# Task input
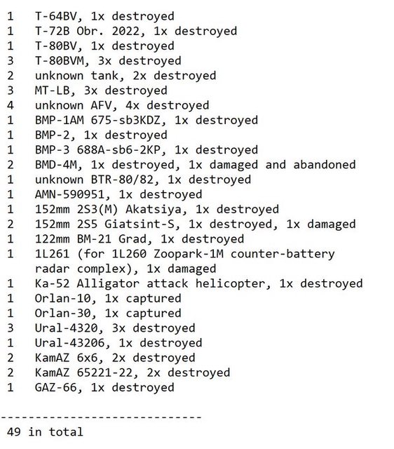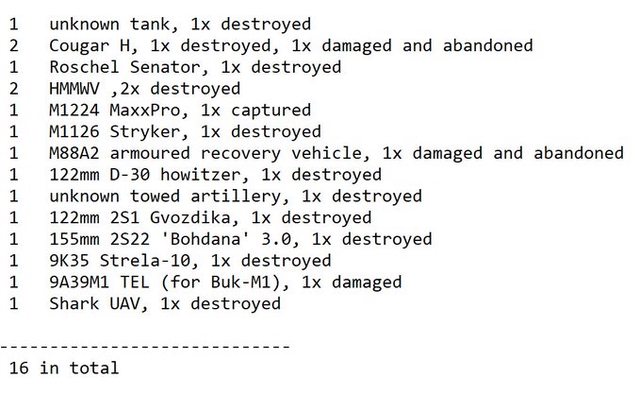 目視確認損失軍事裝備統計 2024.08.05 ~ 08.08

==

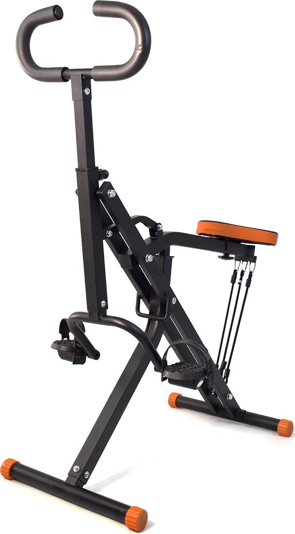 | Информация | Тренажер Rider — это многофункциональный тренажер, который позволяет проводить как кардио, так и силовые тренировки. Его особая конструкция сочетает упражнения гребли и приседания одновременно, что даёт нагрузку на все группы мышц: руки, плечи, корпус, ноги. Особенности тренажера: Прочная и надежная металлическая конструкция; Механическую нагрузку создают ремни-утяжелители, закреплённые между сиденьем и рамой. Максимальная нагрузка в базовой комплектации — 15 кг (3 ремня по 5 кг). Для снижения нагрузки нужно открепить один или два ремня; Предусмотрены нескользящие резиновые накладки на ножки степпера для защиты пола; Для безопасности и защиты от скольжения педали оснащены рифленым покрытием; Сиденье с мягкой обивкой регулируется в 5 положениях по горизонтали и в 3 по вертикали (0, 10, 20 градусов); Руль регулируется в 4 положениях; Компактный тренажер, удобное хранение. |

--

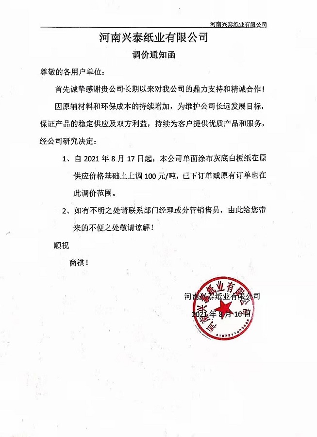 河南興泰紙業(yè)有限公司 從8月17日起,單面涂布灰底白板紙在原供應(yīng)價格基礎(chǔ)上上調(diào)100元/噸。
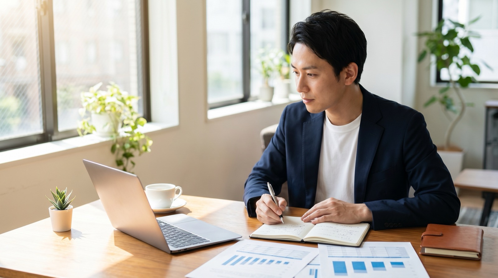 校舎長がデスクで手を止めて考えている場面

# Goal of the exercise
Return exactly the stretch above whose first line contains "河南興泰紙業(yè)有限公司" and whose last line contains "校舎長がデスクで手を止めて考えている場面", and nothing outside it. The pictures should not appear.

# Solution below
 河南興泰紙業(yè)有限公司 從8月17日起,單面涂布灰底白板紙在原供應(yīng)價格基礎(chǔ)上上調(diào)100元/噸。
 校舎長がデスクで手を止めて考えている場面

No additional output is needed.